それでも親父が最後に選んだのは、マリー様だった。マリー様のために、その恋のために死んだんだ。
断言できる。あれは忠誠心などではなかった。
父は、国より家族である……俺より彼女を選んだ。父としてではなく一人の男として、つまりはマリー様の恋人として死にに行ったんだ。子供への愛情よりも、一人の女のための想いが勝った。だから生きて帰ってこいと見送ったアスカを見捨て、そのまま死んでしまった。父を狂わせた要因。それが恋。人に誤った判断を下させる病の力。

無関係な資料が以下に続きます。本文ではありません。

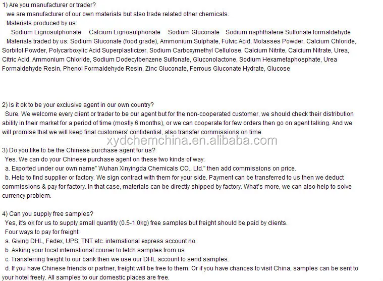 с помощью и доверие со стороны долгосрочное сотрудничество клиентов за последние несколько лет, XYD Промышленной Компании постепенно становится назначен Китайский агент по закупкам из старых клиентов. из-за хорошей репутации конкретных примеси материалов (лигносульфонаты натрия, кальций лигносульфоната, глюконата натрия и ОЯТ), все больше и больше покупательной задач приходят от клиентов, так XYD Промышленности Ооо быстро вырастает из чистого производителя в производстве трейдера. сейчас это один из крупнейших продаж агент многих химических производств в Китае.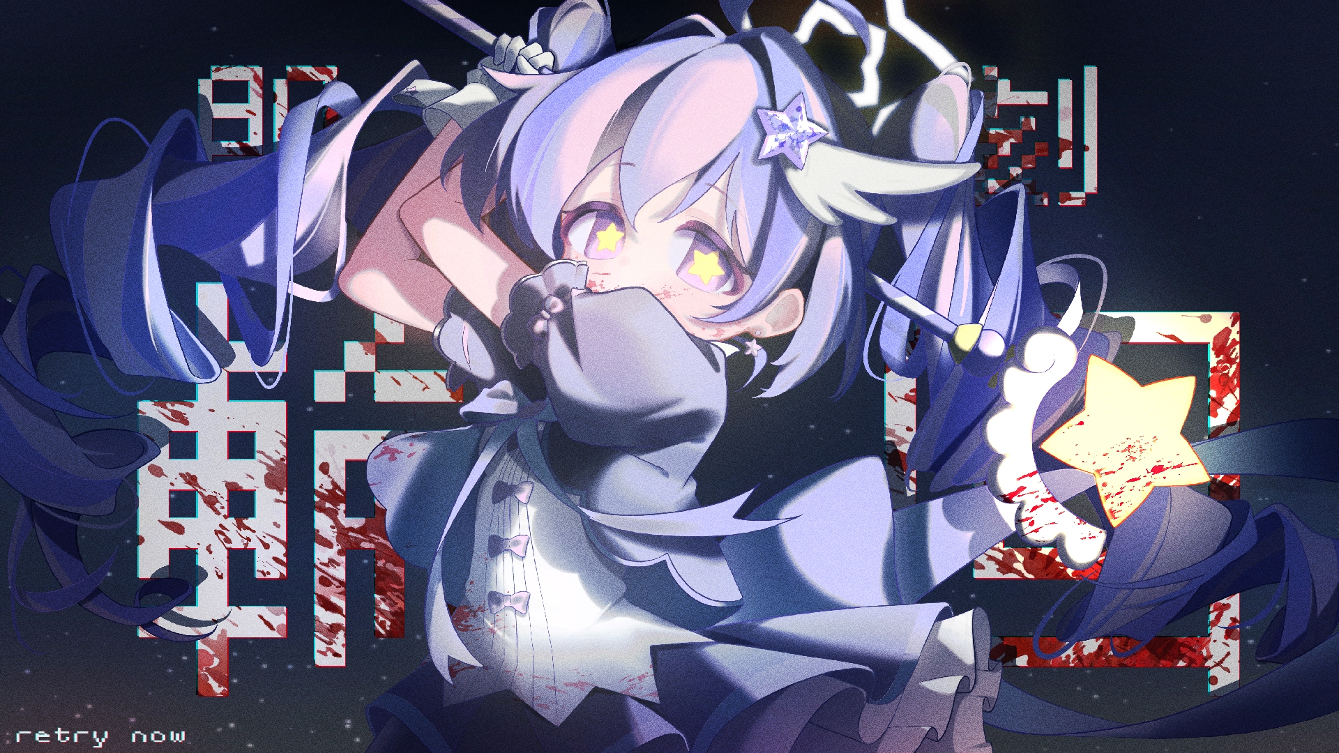 1girl ahoge aliasing arms_up blood blood_on_clothes blood_on_face blood_splatter blue_archive bow chinese_commentary commentary_request dark_background drill_hair earrings film_grain gloves hair_ornament highres holding holding_staff ima_sugu_rinne_(vocaloid) jacket jewelry long_hair looking_at_viewer magical_girl making-of_available multicolored_hair official_alternate_costume official_alternate_hairstyle pink_bow pink_hair puffy_short_sleeves puffy_sleeves purple_eyes purple_hair purple_jacket purple_skirt reisa_(blue_archive) reisa_(magical)_(blue_archive) short_sleeves skirt sleeve_bow snowmariz solo staff star-shaped_pupils star_(symbol) star_earrings star_hair_ornament symbol-shaped_pupils text_background twin_drills twintails two-tone_hair very_long_hair white_gloves white_wrist_cuffs wing_hair_ornament wrist_cuffs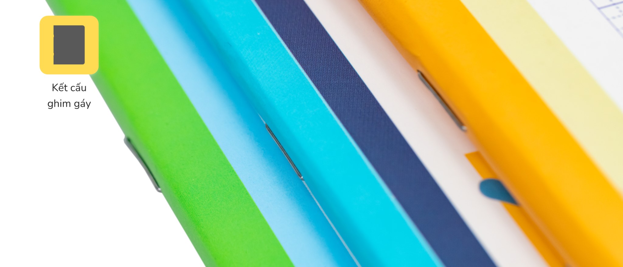 Thiết kế gáy ghim vừa tối ưu sự tinh giản của tổng thể cuốn vở, vừa tiện lợi cho việc ghi chép kiến thức trên trường, lớp.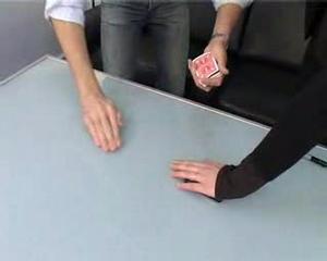 箱からトランプを取り出したマジシャン。赤3枚、黒3枚を抜き出します。片手に黒、片手に赤を持ち、テーブルの上に1枚ずつ交互に重ねていきます。しかし、6枚のカードをひっくり返すと黒と赤にキレイに分かれています。再び交互に重ねますが、やはり分かれてしまいます。最後はカードの表を上にして赤と黒を交互に重ねます。間違いなく交互に重なっています。ピッタリと重ねてから、カードを持ち上げることもなく、1枚ずつ動かしていきますが、水と油が分かれるように赤と黒に分かれてしまいました。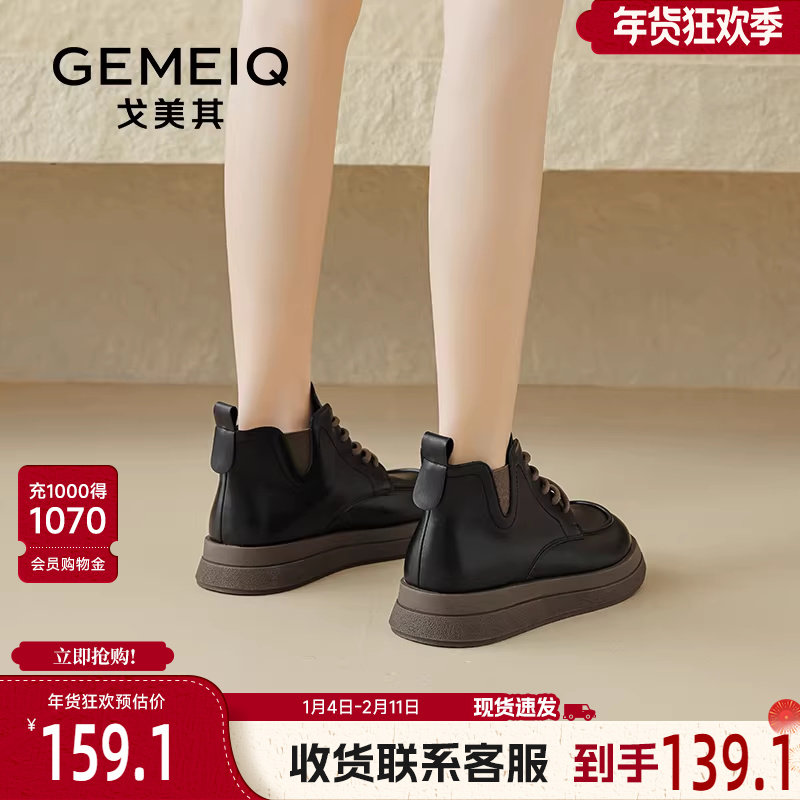 戈美其厚底马丁靴2024春秋新款单靴平底炸街英伦风靴子女加绒短靴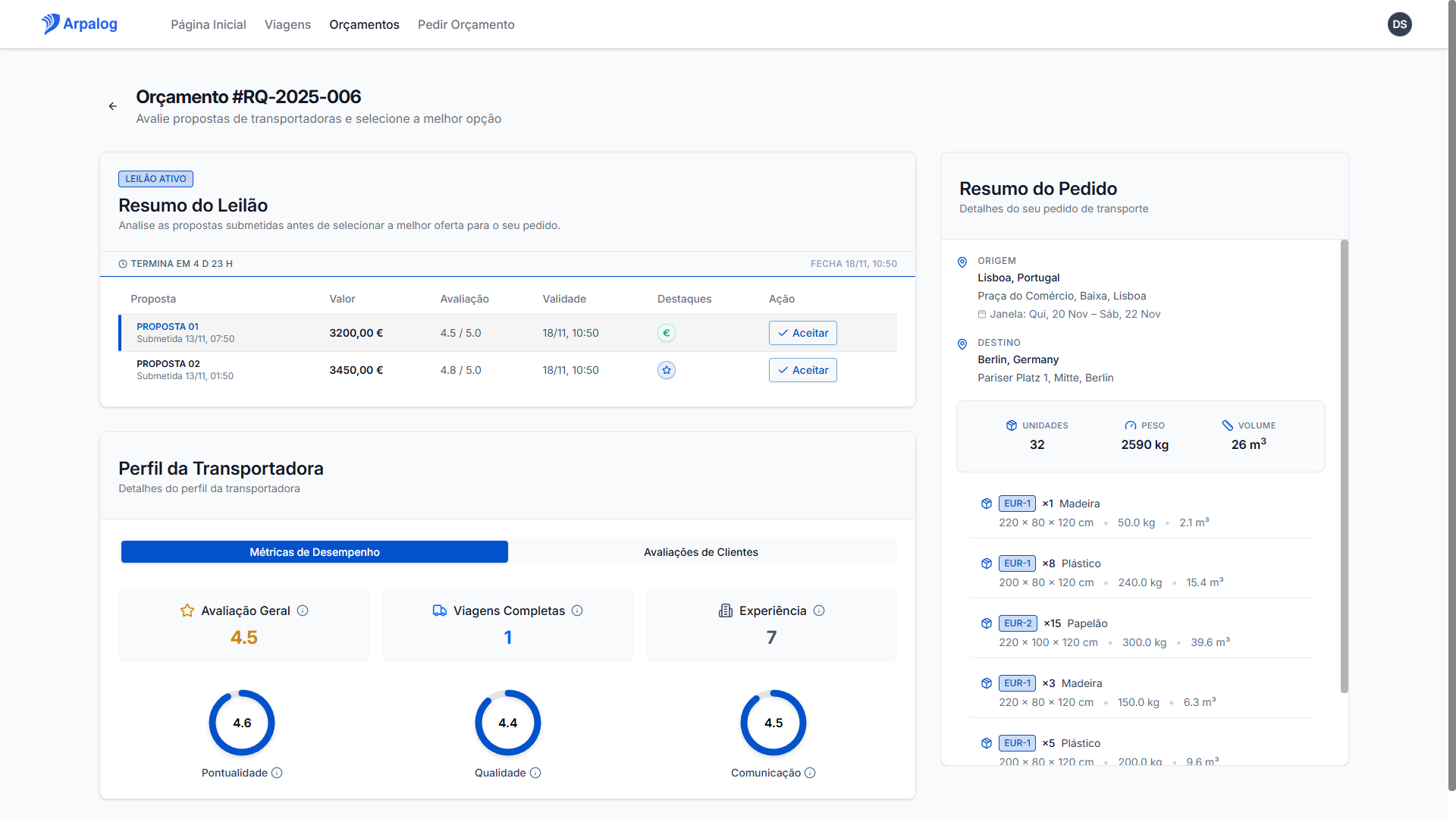 Em vez de negociar individualmente, lançe um único pedido e receba propostas competitivas de dezenas de transportadoras em simultâneo.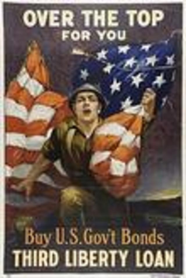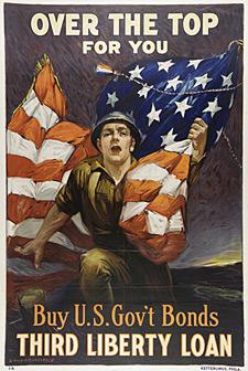 These days, we are not used to seeing reminders of war in our everyday lives. With a new exhibit that opened this weekend, the Smithsonian American Art Museum takes us back to a time when it would have been hard to forget, even for a moment, that we had soldiers dying overseas. Over the Top is a collection of American posters created during World War I to advertise so-called Liberty Bonds. It is an intriguing exhibit showing the fusion of art and politics in an era when people could not be disassociated from the actions of their government, and when something called a “home front” actually existed.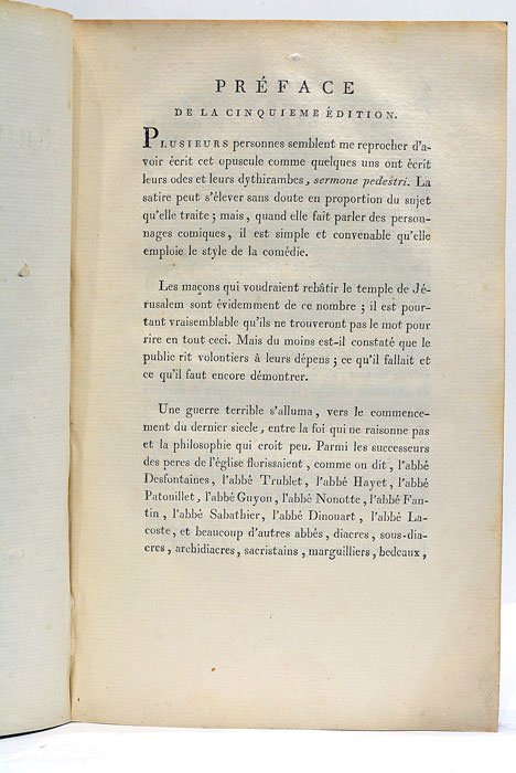 32 pages. (19,5x12,5 Cm). Broché. Couverture muette. Curieux poème satirique, imprimé par Fournier, dans lequel Marie-Joseph de Chénier se moque de la médiocrité de certains écrivains anti-philosophiques. Ce petit ouvrage eut cinq éditions en deux mois; ce qui prouve que les rieurs étaient aussi nombreux que les prêcheurs. Petites taches d’encre sur la page de titre. Rares rousseurs.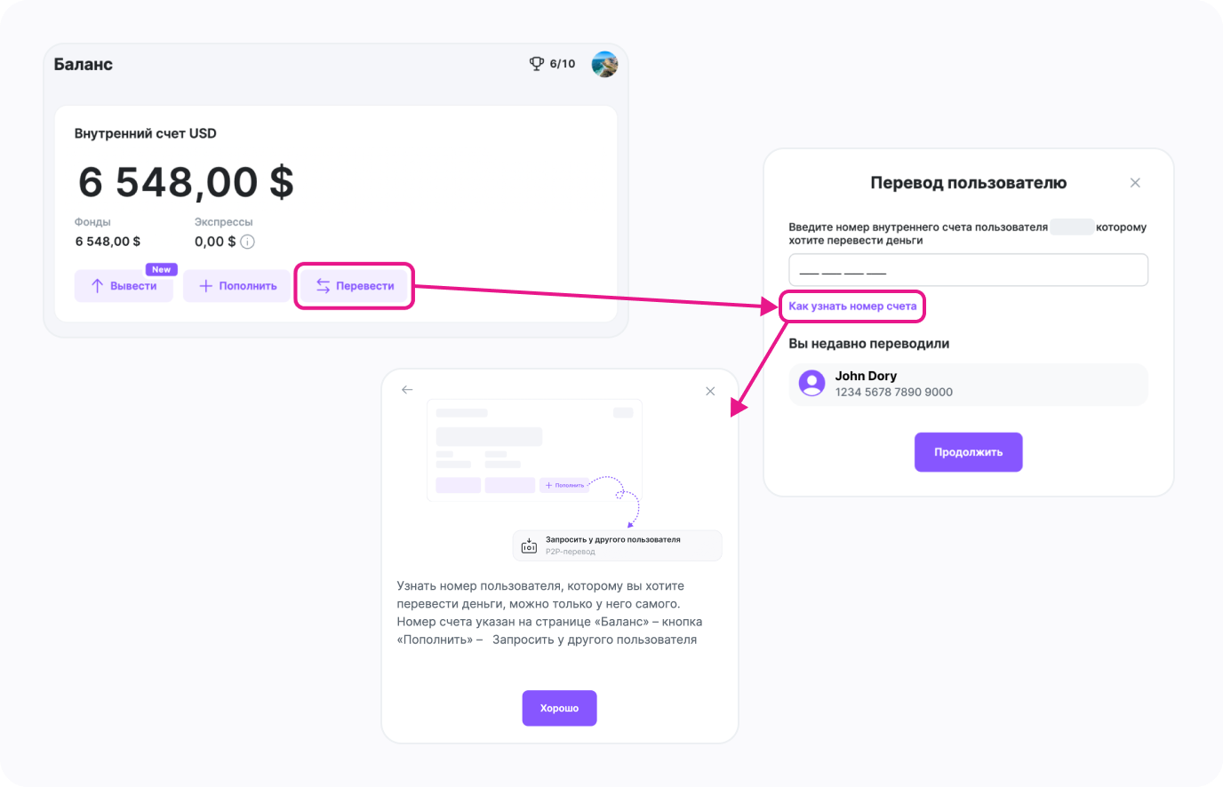 Откроется окно ввода номера счета нужного пользователя. Введите номер, а если не знаете его — нажмите на «Как узнать номер счета». Затем следуйте указанным шагам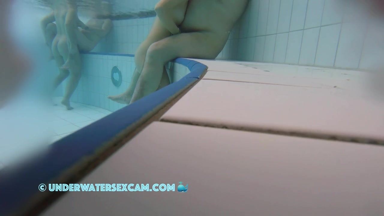 He's probably 70, fat and ugly, but she's 25, slim and cute while the hidden security cam is taping them underwater in a public nudist resort.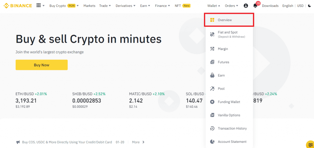 Din meniul de sus – dreapta, apasă pe „Wallet” și selectează „Overview”.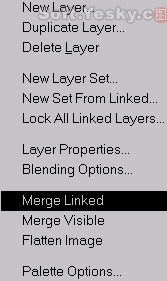 3、按住Alt键(Mac机请按Option键),同时单击图层面板右上方的小三角箭头,打开菜单,这时必须按住左键不放,否则菜单只会闪现一次。按住左键不放并指向命令“Merge Linked”(合成链接图层),单击该命令。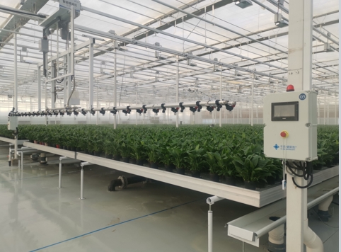 智远喷灌机轨道固定在温室桁架下方,喷灌机沿固定轨道自动往复运行。以微喷形式对作物进行精准灌溉、施肥、打药等作业。单向灌溉行程可达200米、空间利用充分,自动化程度高。可以安装在各种温室环境中,尤其适合开间方向长度超过80米的大型连栋温室。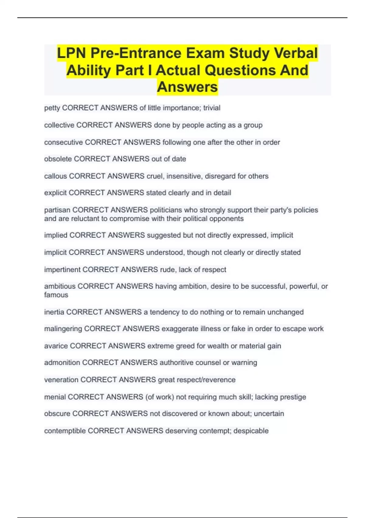 LPN Pre-Entrance Exam Study Verbal Ability Part I Actual Questions And Answers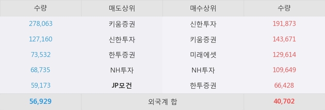 거래원 동향은 미래에셋, NH투자 등이 매수 상위 목록에 나타나고 있다. 한편, 매도 창구 상위에는 JP모건이 눈에 띄고 있다.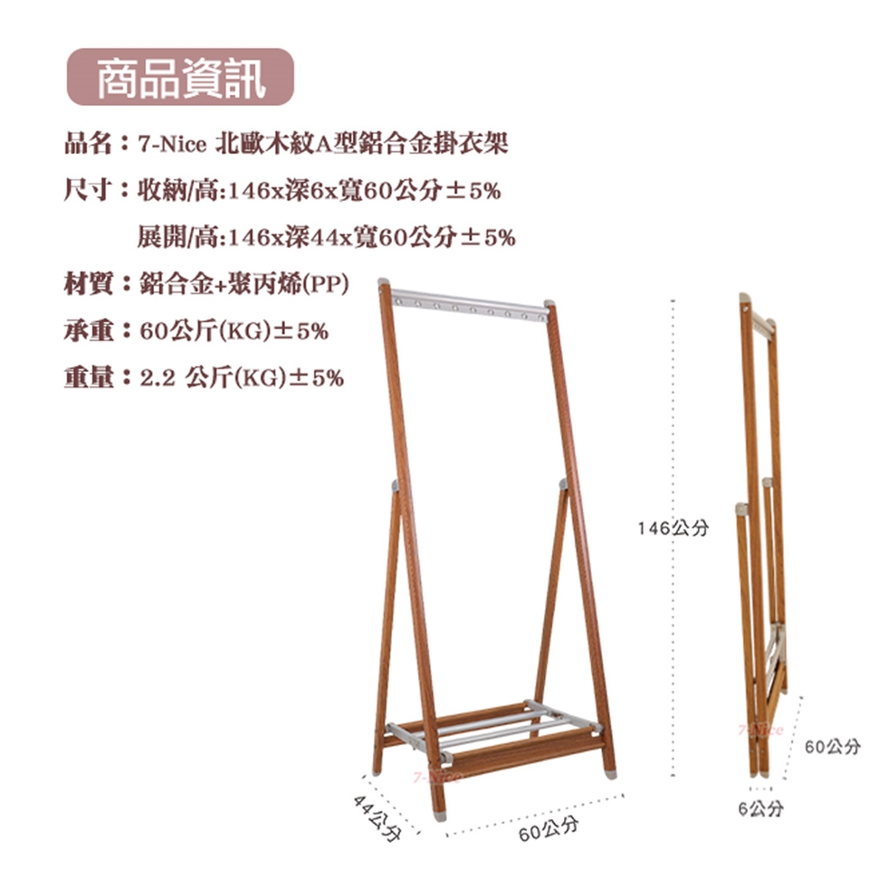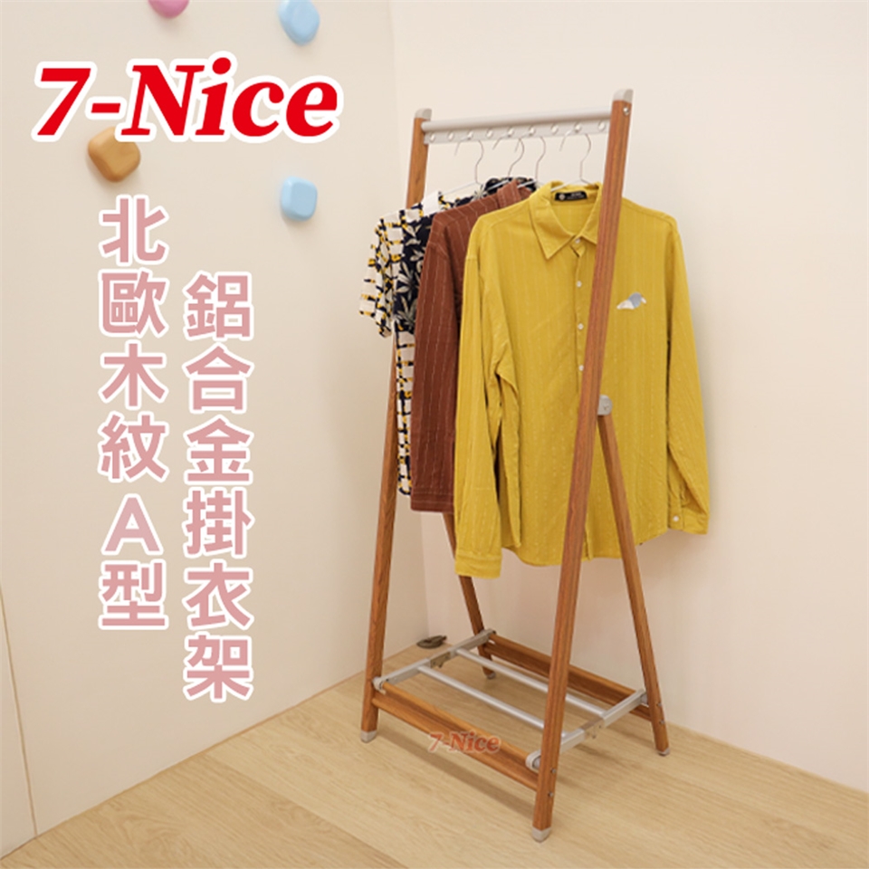 名稱:7-Nice北歐木紋A型鋁合金掛衣架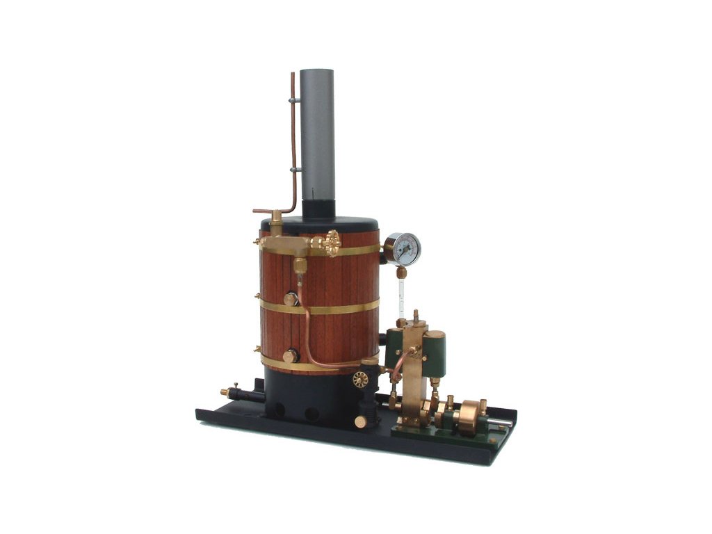 Parní stroj obsahuje několik komponentů, které pomohou vašemu modelu plout efektivně, výkonně a šetrně k okolí. Pístový motor se připojí pomocí kardanové spojky s hřídelí pro lodní šroub. Jedná se o oscilační dvouválcový motor, který lze regulovat pro chod vpřed, vzad a pro zastavení, regulovat lze rovněž velikost otáček v obou směrech. Řízení regulace a chodu motoru se provádí pomocí páky na motoru, ke které se připojí servo řízení.

(それってそんなに大事なことなのか?……命を賭けるに値するようなものなのか?)
父と自分。それを比べてみてもアスカにはわからない。
多少いいなと思う女が居ても、命を賭けられるかと言われれば困る。傍にいれば守ることはするかも知れない。殺されれば少しは悲しいし起こるかも知れない。でも、それだけだ。
生きる意味になどなれないのだ。たかだか恋なんか。
それを失ったら生きていけない。そう思うのは、彼だけだ。でもそれは、恋なんかではない。
(あいつは俺に……何か見つけろって言うけどなー……)
見つけられる気がしない。代わりなんて居ないのだ。もしかしたら……既に代わりにしているのかも知れないけれど。
あんなに大切な彼にでさえ、半分くらい母への未練を重ねているのだ。残りの半分は彼自身への思いでも。
彼でも完全に彼として見ることが出来ていないのに、全く他の人間を他人を他人として認識し、認め……それでもそれを丸ごと愛する事なんて、出来るのだろうか。
「……無理だろ、そんなの」
大事な、何よりも誰よりも大事な彼の中に……母を見ている。
記憶の中の彼女はこれよりもっと年上だったけれど、この位の年頃の頃はきっとこんな姿だったのだろう。それを信じさせてくれる在りしの母。ついうっかり母さんと呼びそうになるのを何度堪えたことだろう。
どっちにしろ、何時まで保つかも解らない命だ。神の審判。何時死んでもおかしくない、ゲームの駒に選ばれた。そんな明日も知れぬ身で、わざわざ面倒臭い恋など探す意味がわからない。そんなもの無くとも人は生きて、死んでいける。
自分には主一人いればそれが成る。世界は成立してしまうのだ。自分の偏狭さと単純さにアスカは再び溜息。その際顔を上げれば、疑問も浮かぶ。
「それにしても、おせーなあいつ…………」
混んでいるのだろうか?視線を店内の方へと向けるが……彼の姿が見あたらない。
がばと身を起こし辺りを見回すが、それらしい人物は何処にも居ない。
「しまった!!」
俺としたことが!!油断した!アスカは己の失態を知り舌打ち。
カーネフェル人の女は狙われない。それはどこにでも大勢いるから。奴隷として、商品としての価値がない。
それでも物凄く人目を引くような外見なら話は別だし、第一今……あいつはマリー。名前狩りの対象者!!